Dans une maladie aussi indomptable, il n’est pas étonnant qu’on se soit retourné de tous les côtés, qu’on ait presque tout tenté ; & qu’après avoir éprouve le froid contre le chaud, combattu le mal par son contraire, on se soit avisé de lui opposer son semblable, & d’attaquer le feu par le feu même. Wilelm. Tenrhyne, dissert. de arthritide, pag. 102. soûtient que le feu est un excellent remede contre la goutte ; qu’il est innocent, & qu’il a vû les Japonois se guérir de leurs attaques, en mettant feu à du papier ou de la mousse dont ils entouroient la partie goutteuse : on en trouve plusieurs exemples dans Hippocrate & les anciens, qui se sont servis d’étoupes, de charpie, de mousse, &c. pour une pareille opération. Boerhaave la conseille, ainsi que le foüet avec des orties, pour attirer le levain en-dehors, lorsqu’on craint que la partie ne se durcisse trop tôt, & ne perde sa mobilité.

On seconde l’effet des topiques par les boissons de petit-lait, par les juleps anodyns, les opiates, par les clysteres émolliens ; mais ce n’est qu’après la premiere impétuosité de la douleur, qui est toujours invincible, selon Sydenham, qu’on peut retirer quelque fruit des applications propres à résoudre & à accélérer la destruction du levain goutteux. C’est alors qu’on peut employer avec succès l’emplâtre de Tachenius, dont voici la recette.

♃ de l’huile rosat ℔ j. Quand il sera chaud, délayez-y du savon blanc rapé ℥ iiij. ensuite ajoutez-y de la céruse & du minium en poudre, de chacun ℥ iiij. cuisez le tout lentement, en remuant toujours avec une spatule de bois, jusqu’à ce qu’il ait acquis la consistence d’un emplâtre : alors, après avoir laissé un peu refroidir, en remuant toûjours, mêlez-y une once de camphre, dissous auparavant dans un mortier avec q. s. d’esprit-de-vin, pour le réduire en forme de bouillie.

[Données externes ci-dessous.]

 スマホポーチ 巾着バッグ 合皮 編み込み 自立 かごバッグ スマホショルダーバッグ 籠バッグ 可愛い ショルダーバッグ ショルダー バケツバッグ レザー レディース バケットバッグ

C’est au même moment de la diminution des tourmens, que M. James, dans son dictionnaire de Medecine, à la fin de l’article goutte, dans ses réflexions, propose un topique qui lui a été communiqué par un goutteux, qui n’est composé que de fleurs de sureau, de vinaigre & d’un peu de sel digérés ensemble, qui appliqué froid, ne laisse pas de faire beaucoup transpirer la partie ; & qui doit par conséquent, en attirant au-dehors & en évacuant le levain goutteux, l’empêcher de déposer, & abréger beaucoup la durée du paroxysme. C’est dans le même tems qu’on peut aussi appliquer avec utilité le baume de soufre térébenthine ; la térébenthine elle-même sur les étoupes, dont quelques personnes font un grand secret, ainsi que tous les différens baumes, principalement celui de la Mecque, avec lequel quelques goutteux croyent s’être guéris, ou du moins préservés de la goutte pendant plusieurs années.

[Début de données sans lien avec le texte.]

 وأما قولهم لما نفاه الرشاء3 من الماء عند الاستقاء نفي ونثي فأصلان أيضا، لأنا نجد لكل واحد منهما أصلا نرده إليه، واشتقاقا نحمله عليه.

On pourroit bien, avec autant de raison, appliquer les lithonptriptiques, les sels lixiviels, les absorbans, les savons, qui sont peut-être les seuls remedes capables d’attaquer la cause du mal, comme l’a soupçonné M. Deydier dans sa dissertation sur la goutte, imprimée à Montpellier en 1726 : an arthritidi curandæ quærendum topicum lithomptripticum. On pourroit bien aussi en faire usage intérieurement, comme nous le dirons ci-après, ainsi que des amers stomachiques aromatiques, qui ont toûjours été employés en pareille occasion pour fortifier l’estomac, ranimer les digestions, & détruire les reliquats du levain goutteux.